For this listing, the lines between the one holding "Photo Frame Collage" and the one holding "紐約復(fù)式公寓業(yè", inclusive, must be set down exactly.

Records shown –
■ ■ ■ ■ ■ ■ ■

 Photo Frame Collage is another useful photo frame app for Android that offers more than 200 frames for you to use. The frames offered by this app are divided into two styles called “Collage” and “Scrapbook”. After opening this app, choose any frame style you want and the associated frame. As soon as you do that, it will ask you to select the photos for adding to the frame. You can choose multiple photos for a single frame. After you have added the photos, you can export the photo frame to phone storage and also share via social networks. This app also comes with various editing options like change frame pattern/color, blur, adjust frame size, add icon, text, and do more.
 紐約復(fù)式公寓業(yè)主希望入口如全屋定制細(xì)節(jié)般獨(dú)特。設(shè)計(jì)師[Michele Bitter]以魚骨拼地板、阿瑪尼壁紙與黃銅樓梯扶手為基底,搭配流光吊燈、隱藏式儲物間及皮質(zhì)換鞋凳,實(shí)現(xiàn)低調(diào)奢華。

■ ■ ■ ■ ■ ■ ■

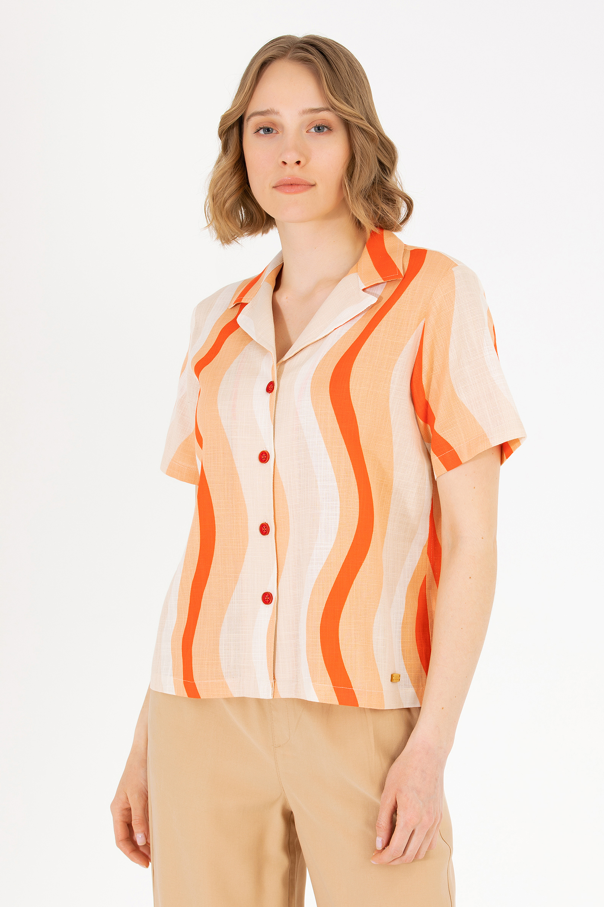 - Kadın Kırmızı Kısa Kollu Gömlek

■ ■ ■ ■ ■ ■ ■

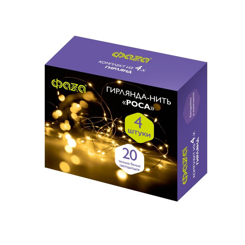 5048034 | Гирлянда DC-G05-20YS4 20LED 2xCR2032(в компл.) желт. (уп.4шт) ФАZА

■ ■ ■ ■ ■ ■ ■

Solution to this exercise –
 Photo Frame Collage is another useful photo frame app for Android that offers more than 200 frames for you to use. The frames offered by this app are divided into two styles called “Collage” and “Scrapbook”. After opening this app, choose any frame style you want and the associated frame. As soon as you do that, it will ask you to select the photos for adding to the frame. You can choose multiple photos for a single frame. After you have added the photos, you can export the photo frame to phone storage and also share via social networks. This app also comes with various editing options like change frame pattern/color, blur, adjust frame size, add icon, text, and do more.
 紐約復(fù)式公寓業(yè)主希望入口如全屋定制細(xì)節(jié)般獨(dú)特。設(shè)計(jì)師[Michele Bitter]以魚骨拼地板、阿瑪尼壁紙與黃銅樓梯扶手為基底,搭配流光吊燈、隱藏式儲物間及皮質(zhì)換鞋凳,實(shí)現(xiàn)低調(diào)奢華。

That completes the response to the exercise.